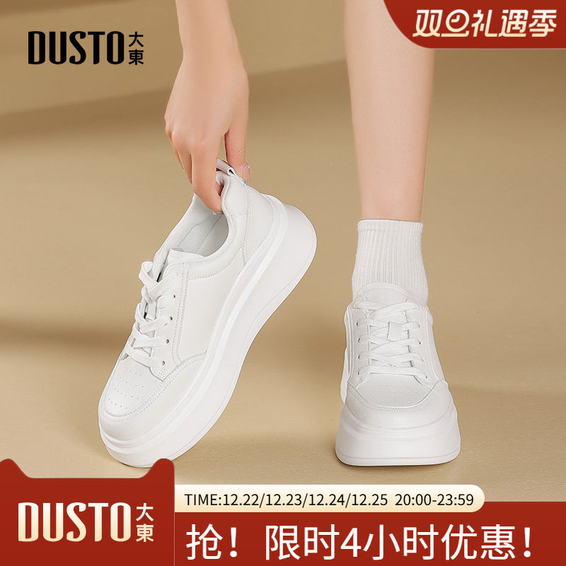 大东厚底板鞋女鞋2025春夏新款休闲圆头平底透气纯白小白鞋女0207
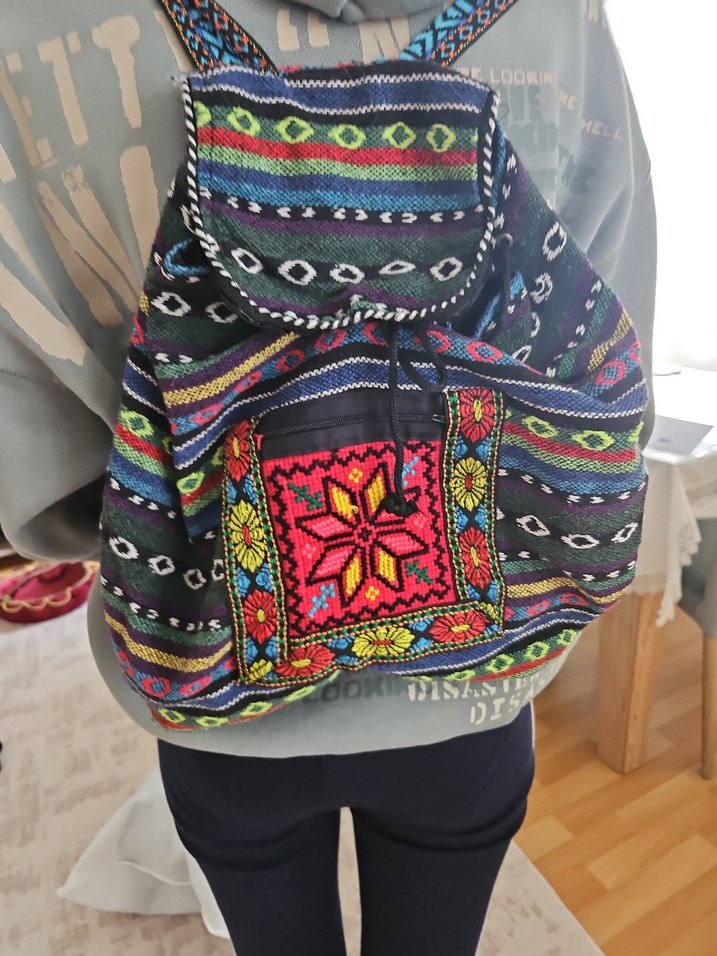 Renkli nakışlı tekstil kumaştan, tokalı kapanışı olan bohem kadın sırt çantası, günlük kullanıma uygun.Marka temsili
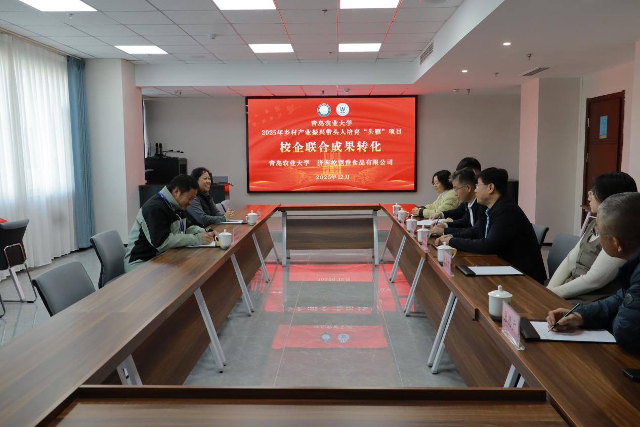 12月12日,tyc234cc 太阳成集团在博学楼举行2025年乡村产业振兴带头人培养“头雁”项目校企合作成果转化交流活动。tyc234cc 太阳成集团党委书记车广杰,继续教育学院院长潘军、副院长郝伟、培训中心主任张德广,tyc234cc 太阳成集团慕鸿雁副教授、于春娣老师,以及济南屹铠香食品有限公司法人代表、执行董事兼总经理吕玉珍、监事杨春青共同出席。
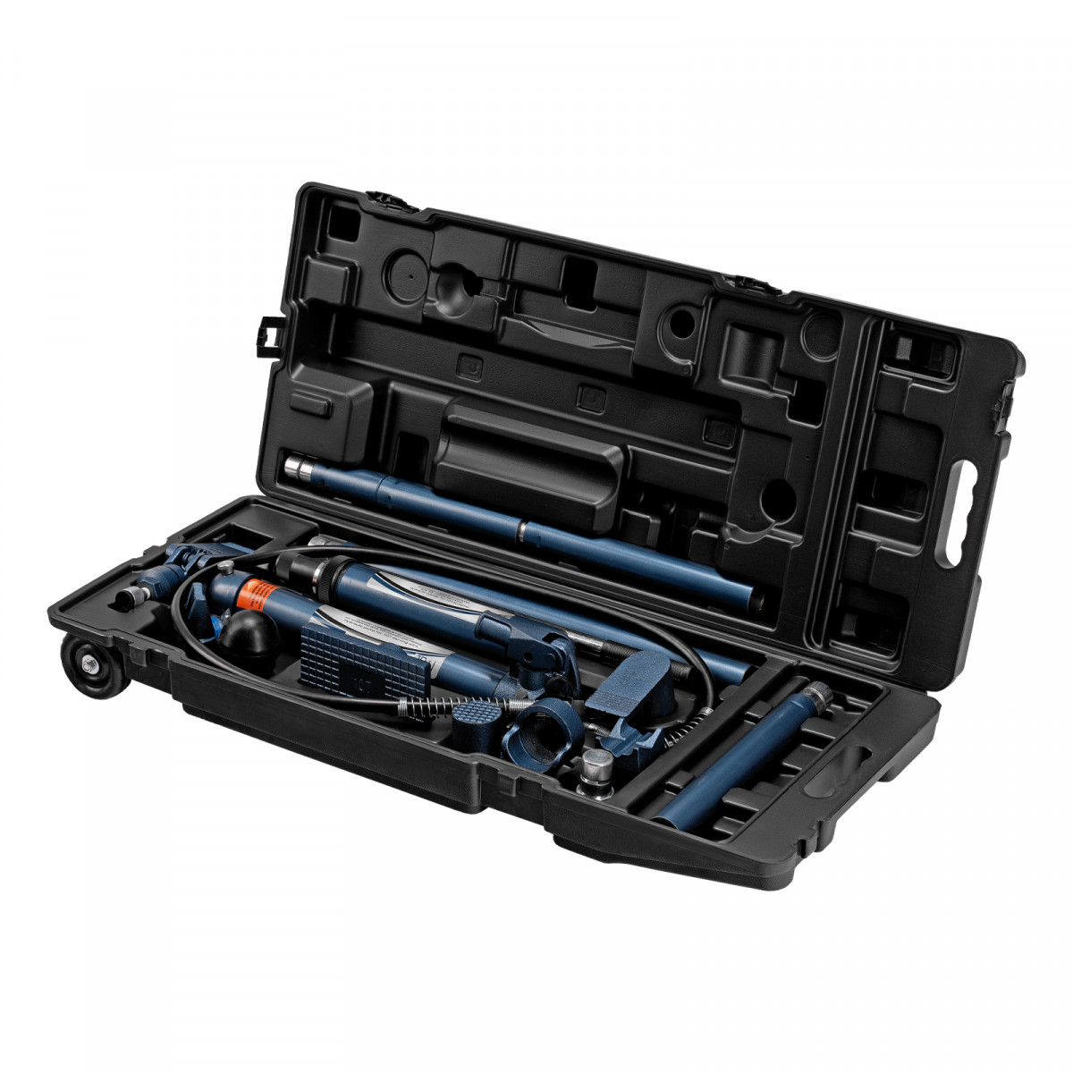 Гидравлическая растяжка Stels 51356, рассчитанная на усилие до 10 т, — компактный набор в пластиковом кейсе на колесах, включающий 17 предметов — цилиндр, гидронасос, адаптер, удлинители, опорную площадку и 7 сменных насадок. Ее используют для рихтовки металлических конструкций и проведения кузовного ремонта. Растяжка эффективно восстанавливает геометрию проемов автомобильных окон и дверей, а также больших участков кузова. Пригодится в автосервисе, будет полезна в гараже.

—————

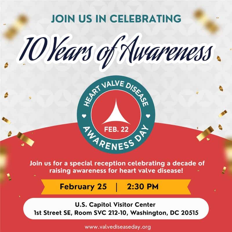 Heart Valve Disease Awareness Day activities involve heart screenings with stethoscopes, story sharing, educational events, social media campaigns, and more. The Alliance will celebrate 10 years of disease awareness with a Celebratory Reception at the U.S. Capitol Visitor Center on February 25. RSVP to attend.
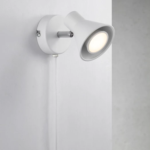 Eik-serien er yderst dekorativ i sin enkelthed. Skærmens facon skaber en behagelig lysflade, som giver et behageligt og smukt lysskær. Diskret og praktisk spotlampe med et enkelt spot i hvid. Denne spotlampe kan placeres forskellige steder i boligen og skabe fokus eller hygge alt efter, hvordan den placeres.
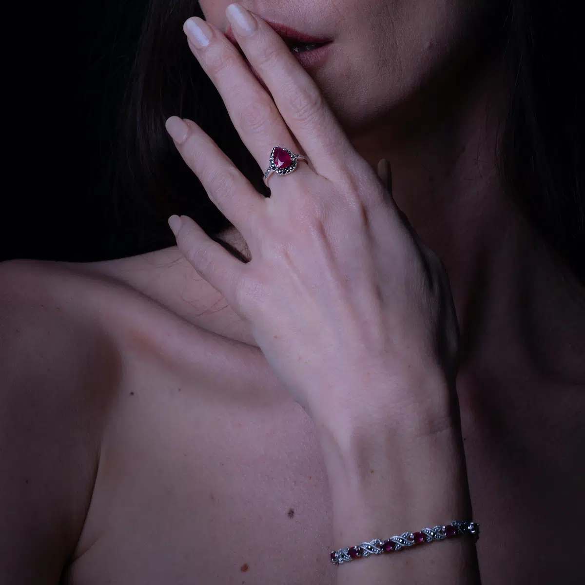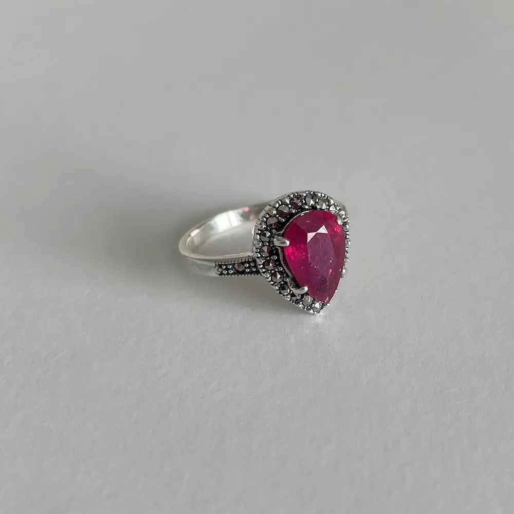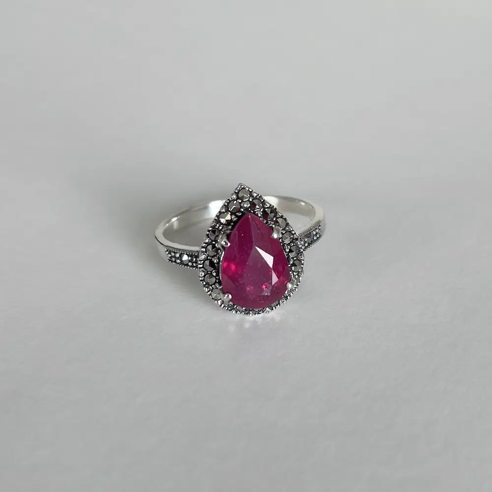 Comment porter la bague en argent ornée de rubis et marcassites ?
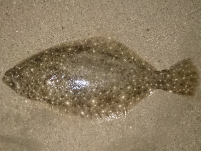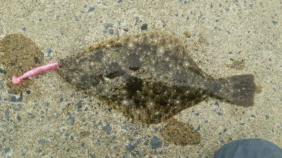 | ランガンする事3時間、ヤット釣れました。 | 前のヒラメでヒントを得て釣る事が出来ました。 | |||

—————

> _What you are asked to do_
Of all the material above, only the lines from the one that has "大东厚底板鞋女鞋2025春夏新款休闲圆头平底透气纯白小白鞋女0207" down to the one that has "Гидравлическая растяжка Stels" are to be written out, exactly and with both ends included. Pictures are skipped.

> _Answer area_
 大东厚底板鞋女鞋2025春夏新款休闲圆头平底透气纯白小白鞋女0207
 Renkli nakışlı tekstil kumaştan, tokalı kapanışı olan bohem kadın sırt çantası, günlük kullanıma uygun.Marka temsili
 12月12日,tyc234cc 太阳成集团在博学楼举行2025年乡村产业振兴带头人培养“头雁”项目校企合作成果转化交流活动。tyc234cc 太阳成集团党委书记车广杰,继续教育学院院长潘军、副院长郝伟、培训中心主任张德广,tyc234cc 太阳成集团慕鸿雁副教授、于春娣老师,以及济南屹铠香食品有限公司法人代表、执行董事兼总经理吕玉珍、监事杨春青共同出席。
 Гидравлическая растяжка Stels 51356, рассчитанная на усилие до 10 т, — компактный набор в пластиковом кейсе на колесах, включающий 17 предметов — цилиндр, гидронасос, адаптер, удлинители, опорную площадку и 7 сменных насадок. Ее используют для рихтовки металлических конструкций и проведения кузовного ремонта. Растяжка эффективно восстанавливает геометрию проемов автомобильных окон и дверей, а также больших участков кузова. Пригодится в автосервисе, будет полезна в гараже.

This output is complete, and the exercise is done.